The mistake-in-bid rules are intended to permit relief to bidders who make genuine mistakes in their bids; the paramount concern of the rules, however, is the protection of the competitive bidding system. Eagle Electric, B-228500, Feb. 5, 1988, 88-1 CPD Para. 116. This is the underlying reason that the rules permit correction of a bid after bid opening only if a high evidentiary standard is met, and then only if the bid as corrected will not come too close to the next low bid. See Panoramic Studios, B-200664, Aug. 17, 1981, 81-2 CPD Para. 144. Since, as we have held above, this evidentiary standard has been met in this case, we do not find that the integrity of the competitive process has in any way been compromised.

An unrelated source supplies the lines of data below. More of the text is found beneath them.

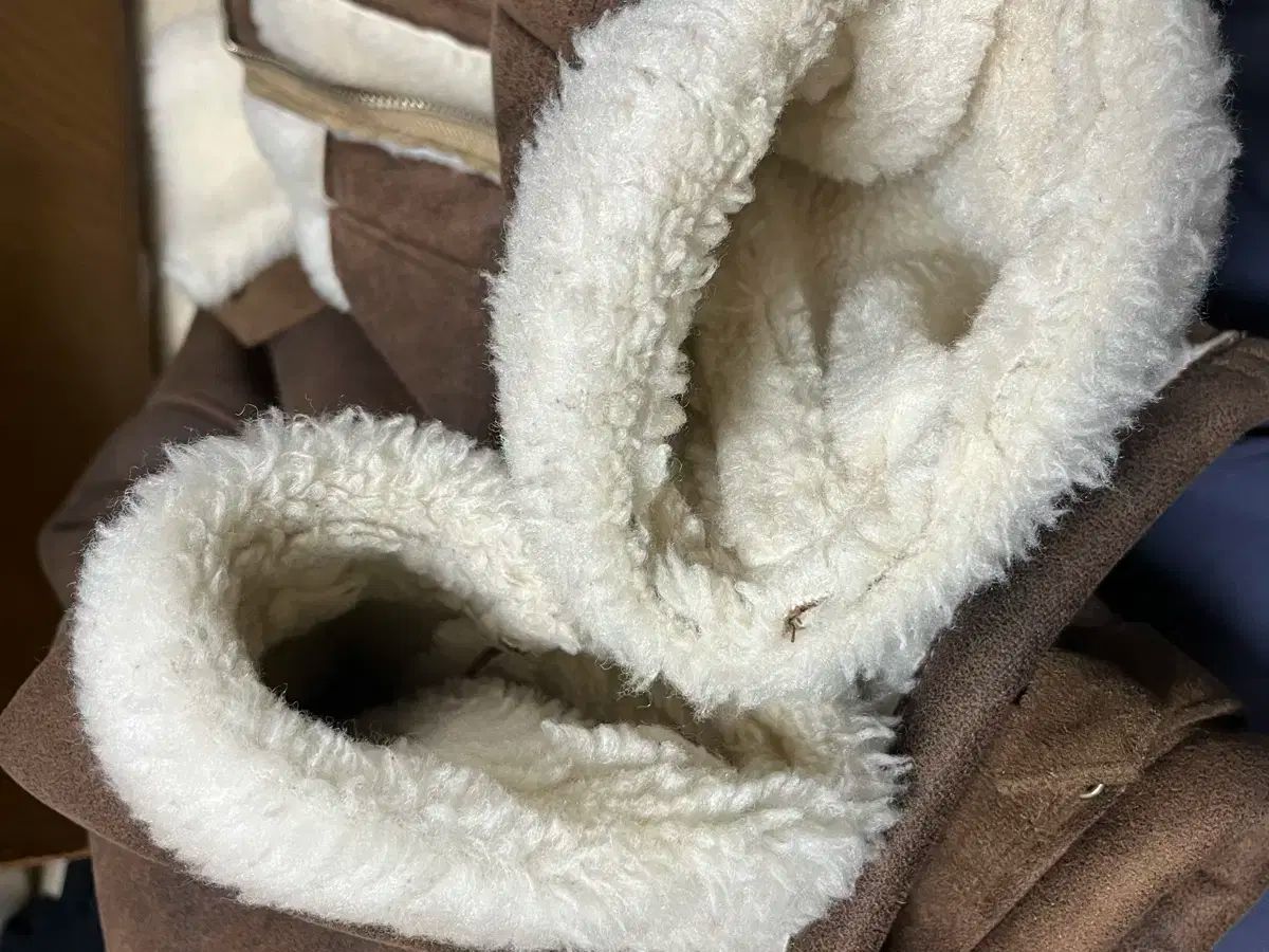 実際に着用2回、状態良好です。内側下側のファーに麻のボトムスとの摩擦で生じる、本当に微細な毛羽立ち..? 糸..?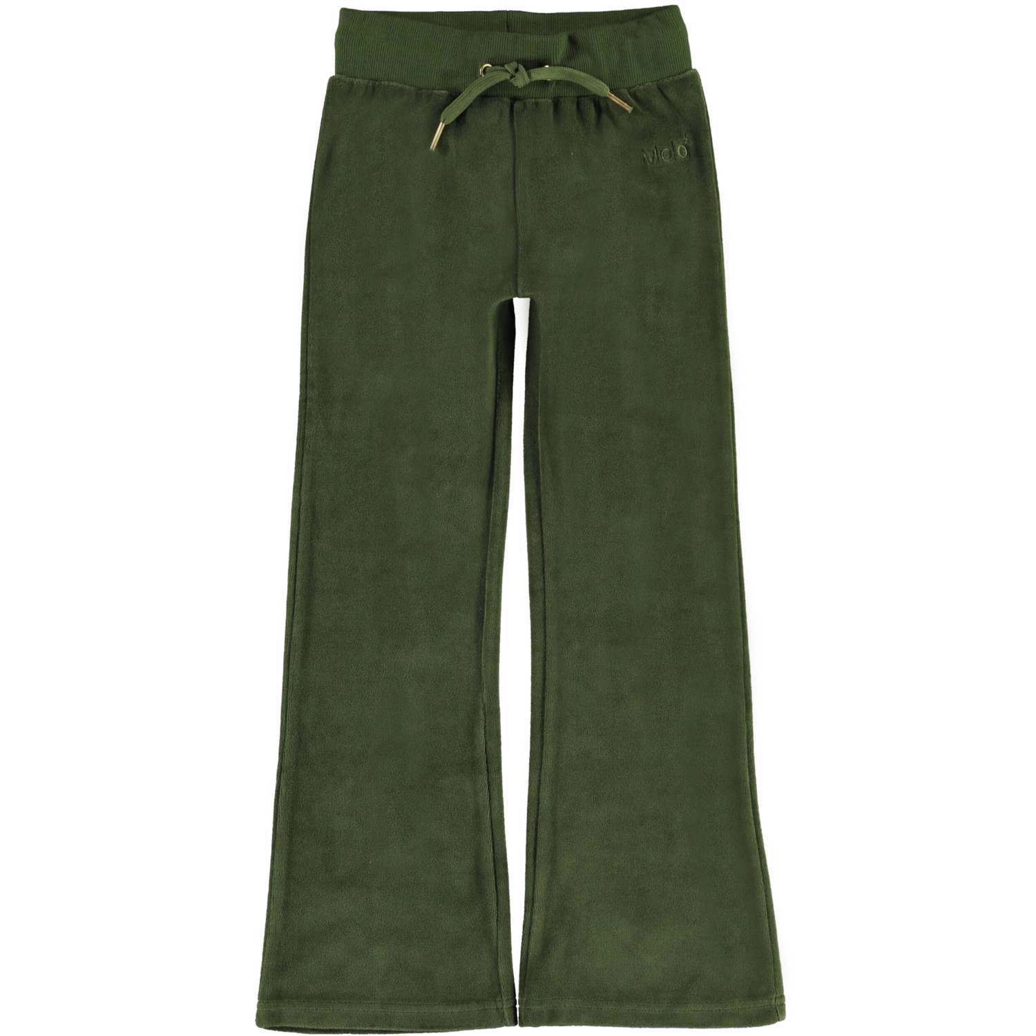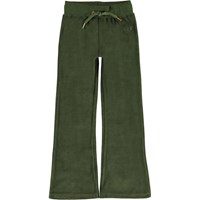 Annie trägt eine grüne Jogginghose aus Velours. Die Hose hat unten einen leichten Schlag und einen elastischen Bund mit Bindeband. Kombiniere die Hose mit dem passenden Hoodie für einen kompletten Look.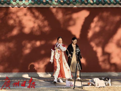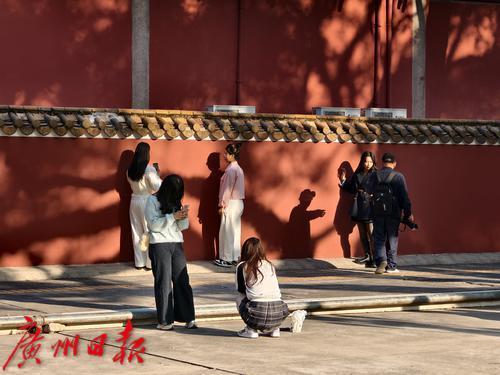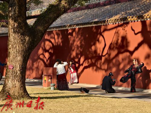 年轻人在红墙前拍照打卡。

Consequently, the protest is denied, and Hall's claim for reimbursement of the costs of filing and pursuing its protest, including attorney fees, is also denied. Encon Management Inc., B-234679, June 23, 1989, 89-1 CPD Para. 595.

/1/ The protester has not pursued the second ground of its agency level protest.

/2/ The 5-day response period requested by the agency appears to be no more than its own policy to facilitate rapid resolution of questions, and there is no legal basis for this Office to enforce an agency's internal administrative policies. In addition, we note that for our purposes it is not relevant that it took Currents 10 days to discover its mistake, because the FAR does not set arbitrary time limits on the correction of mistakes, except that under the relevant section it must be proven before award. FAR Sec. 14.406-3.